Europa Press/Contacto/Luis Barron
MADRID, 7 de junho (EUROPA PRESS)
A Alta Representante da União Europeia para Assuntos Externos, Kaja Kallas, instou neste sábado o Líbano e Israel a cumprirem os termos acordados em Washington e a rejeitarem categoricamente qualquer exigência por parte do partido-milícia xiita libanês Hezbollah.
"A UE confia que Israel e o Líbano continuarão as negociações diretas com espírito construtivo (...) Todas as ações militares devem cessar imediatamente. O Hezbollah deve retirar-se do setor de Litani Sul.
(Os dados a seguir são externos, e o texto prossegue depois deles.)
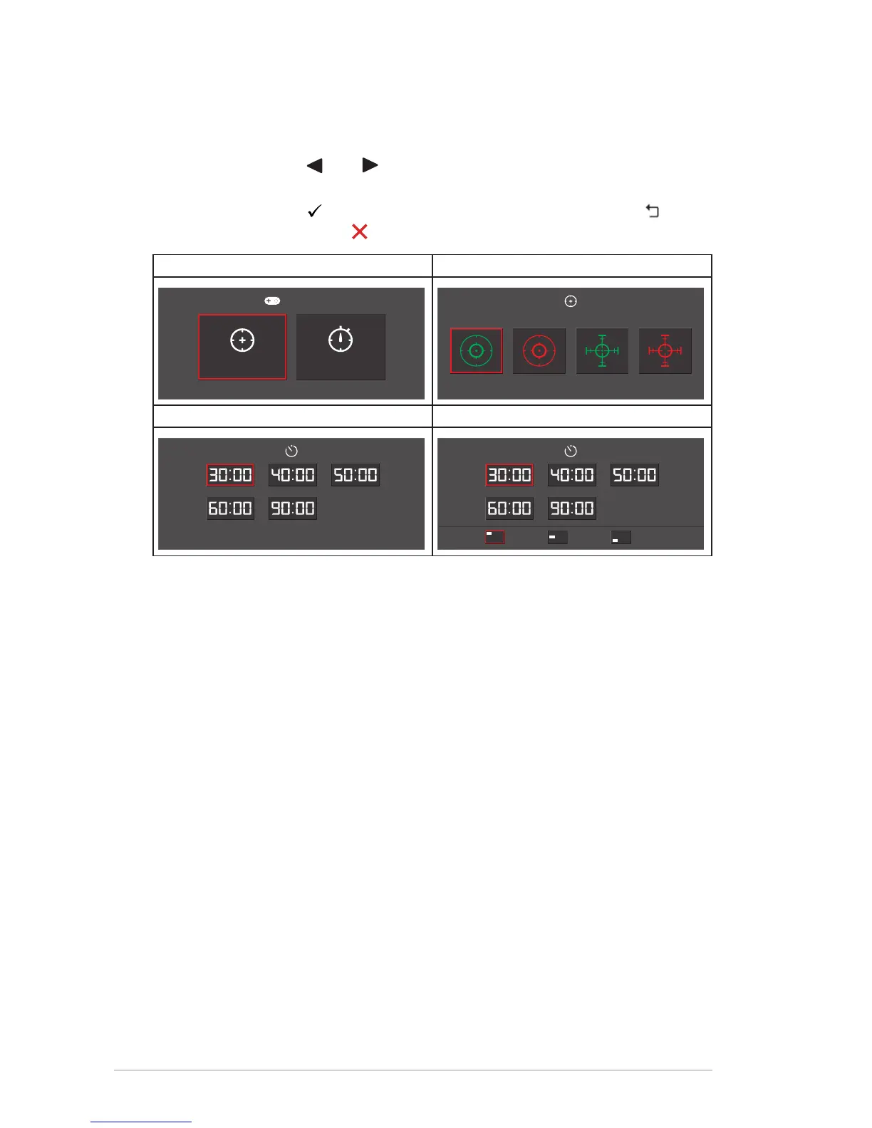 and to select between Crosshair and Timer
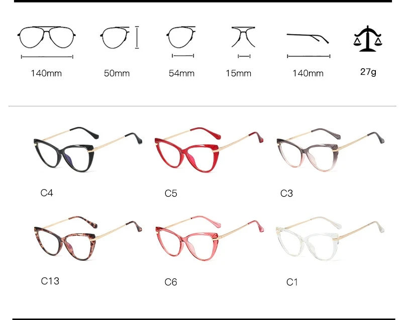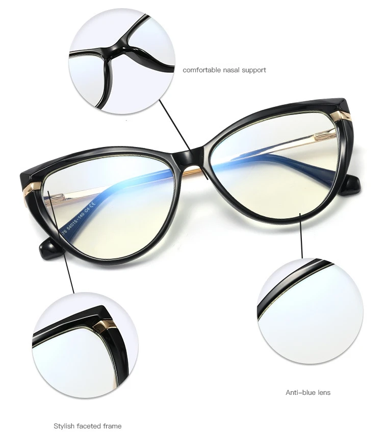 48254 Cat Eye Anti Blue Glasses Frames Women Optical Computer Glasses

A UE também insta Israel a retirar-se do território libanês”, afirmou a chefe da diplomacia europeia por meio de um comunicado oficial.
A chefe da diplomacia europeia instou ambas as partes a cessarem urgentemente as hostilidades no território libanês, que — assegurou — “está pagando um preço humanitário e socioeconômico alto e inaceitável pela contínua escalada do conflito e pelos ataques aéreos”.
Dessa forma, a União Europeia mantém seu apoio ao Governo libanês e às Forças Armadas em seu objetivo de garantir o controle estatal das armas no território, para que não caiam nas mãos da milícia pró-iraniana, algo que Kallas classificou como “ferramenta decisiva”.
“A nova medida de assistência do Fundo Europeu para a Paz, dotada de 100 milhões de euros para as Forças Armadas libanesas e aprovada em 4 de junho, contribuirá diretamente para o fortalecimento de suas capacidades para cumprir sua missão”, destacou.
Por outro lado, Kallas endureceu seu discurso contra Israel, ao qual pediu que “respeite a soberania e a integridade territorial do Líbano”, embora também mantenha seu apoio à decisão do gabinete de Netanyahu de continuar sua ofensiva contra o Hezbollah.
Por sua vez, a líder europeia condenou os ataques contra a Força Provisória das Nações Unidas para o Líbano (UNIFIL), embora o tenha feito sem apontar culpados. “A UE reafirma seu total apoio à UNIFIL e ao seu mandato, e condena veementemente todos os ataques contra seu pessoal, incluindo o assassinato de outro soldado da UNIFIL nos ataques de 4 de junho, o sétimo membro das forças de paz a falecer desde março”, denunciou.